A $20 banknote which had a sticker from a bunch of bananas attached to it before it was overprinted with security numbering is now up for auction at a Texas dealer, the rare error elevating its worth to $57,500, almost 3,000 times its face value.
The so-called Del Monte banknote is unusual, and so valuable, because the sticker is still affixed and clearly shows a serial number and US Department of the Treasury seal printed over it, according to Heritage Auctions of Dallas.
“Most obstructions fall off shortly after printing, leaving behind a blank area of paper lacking the design, but errors with objects that ‘stick’ to the note and enter circulation are very rare,” a description of the lot on the seller’s website said.
“When this note was printed at the Fort Worth western currency facility, it went through the first and second printings normally before the Del Monte sticker found its way onto the surface,” the seller continued, describing the misprint as “one of the greatest paper money errors in history”.
Bidding on the banknote, from the US treasury’s 1996 design series and released into circulation in 2004, will end on 22 January. According to the Heritage Auctions website on Sunday afternoon, the highest bid was $57,500, which would actually cost the bidder more than $69,000, including a buyer’s premium.
The banknote sold at auction in 2006, for more than $25,000. Two years earlier it was “a bargain” at $10,000, when it was sold on eBay by a student in Ohio who received it as part of an ATM withdrawal.
The original estimate for the current sale was between $25,000 and $50,000, Heritage Auctions said.
All US banknotes produced since 1968 go through three print stages, the Bureau of Engraving and Printing (BEP), which manufactures paper money for the US treasury, says on its website.
The colorful banana sticker, bearing the words “Ecuador Del Monte Quality” and the number #4011, would have been added after the first two stages, printing the front and back of the note, but before the final print that added the security logo and individual identification detail.

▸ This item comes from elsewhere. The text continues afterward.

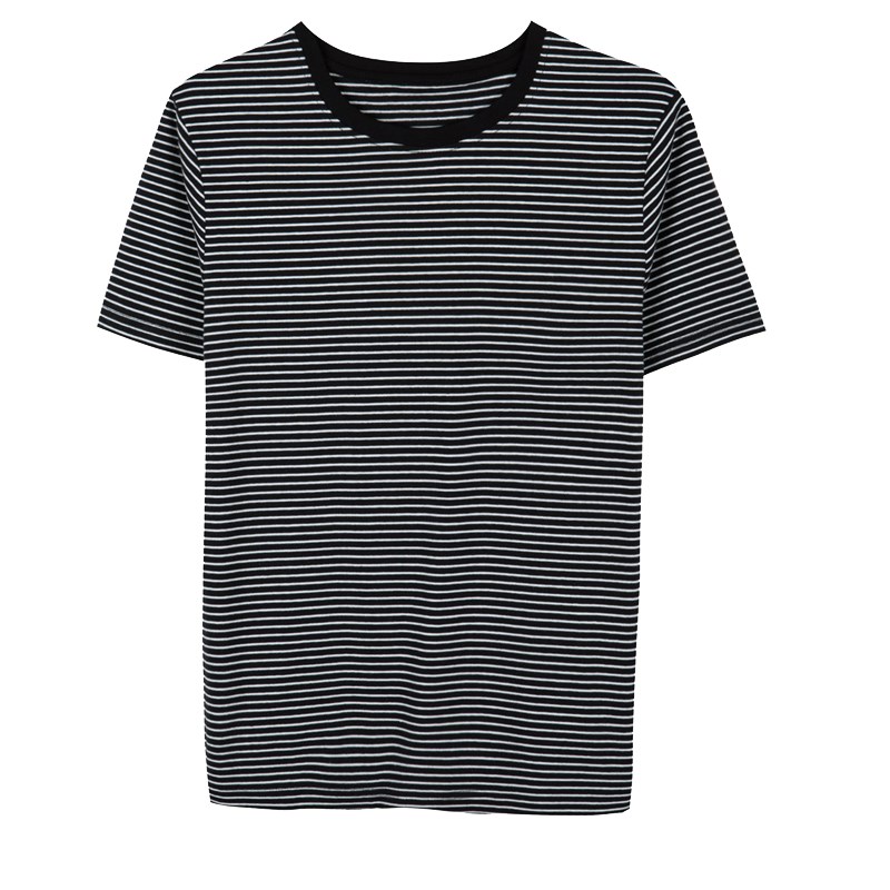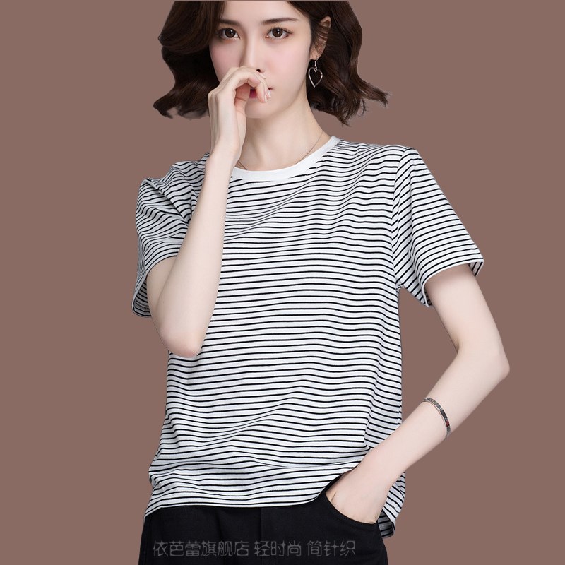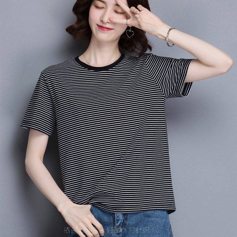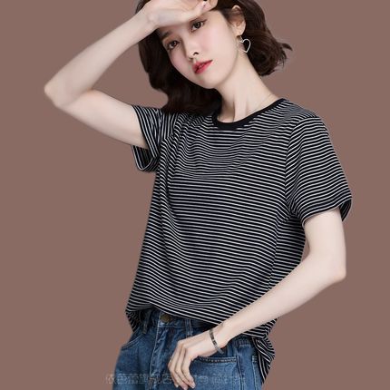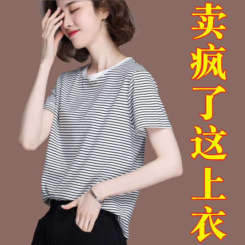 夏季黑白条纹t恤女纯棉妈妈短袖宽松妈妈全棉短款黑色打底丅体桖

Because of this, Heritage said, “most would conjecture that this error note was no accident and probably the result of some very bored or creative BEP employee”.

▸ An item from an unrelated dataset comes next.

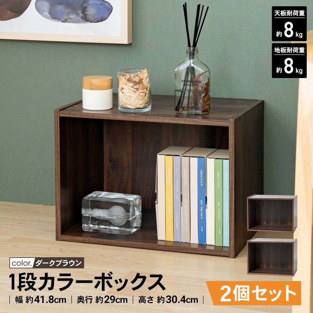LIFELEX 1段カラーボックス ダークブラウン β ×2個セット

Banknotes produced in Fort Worth have been found with “band-aid, paper fragments, scotch tape and wood shavings” attached, Heritage Auctions said.
Misprinted banknotes are prized by notaphilists, those who collect paper money. Currency featuring overprints, mismatching serial numbers, misalignments and missing ink regularly sell for hundreds of dollars on eBay.
Heritage claims a world record for the most expensive banknote of its type ever sold, $384,000 for a 1934 federal reserve bill which had a face value of $10,000 in a September 2020 auction.